I'm trying to fit a linear model with roughly 900,000 observations and just two explanatory variables. Yet, I additionally need to include a control variable that is a many-level factor variable (11,135 levels). The code for the regression looks like this:
model1 <- dep_var ~ expl_var_1 + expl_var_2 + factor(control_var), data=data
However, R throws me the error "Cannot allocate a vector of size 75.6 GB" I'm well aware that this is due to the many-level factor variable, however, I need to include this variable as a control. Please note: this is not an ordered factor; it is simply an id without any order.
I've tried to find a solution to this problem, but ran into problems:
- I looked into plm - but that doesn't work because while my control variable can be interpreted as an ID time doesn't play a role (and even if it did; there can be >1 observation per ID per time)

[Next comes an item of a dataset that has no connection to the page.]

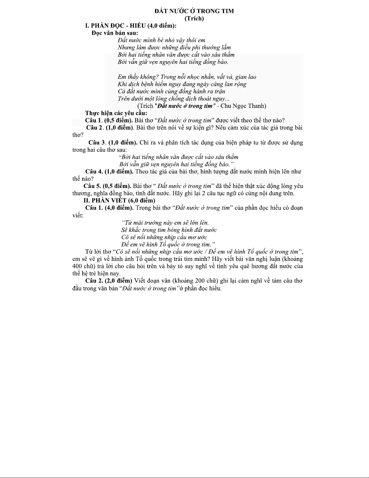 Đề Thi Giữa Kỳ Môn Ngữ Văn: Đất Nước Trong Tim (THƯC 123)

- I looked into biglm but this fits better the case of big data and not many-level factor
My questions:
- Is there a way to include a variable in the regression and leaving it out when assigning the outcome of the regression to model1? I'm really not interested at all in the coefficients per control variable factor level. I just need to control for it.

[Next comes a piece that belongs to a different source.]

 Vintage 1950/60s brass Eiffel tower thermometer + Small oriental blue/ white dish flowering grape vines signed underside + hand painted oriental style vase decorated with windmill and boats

- If there isn't: can I efficiently split up my regression even if I cannot make sure that in each chunk there are all control variable factor levels present (that isn't feasible, because some levels just have 1 observation)?
I'd appreciate any starting points for a solution and ideas where to look for a solution - currently I'm just stuck with my level of knowledge and understanding.
Thanks in advance for your time, support, and patience.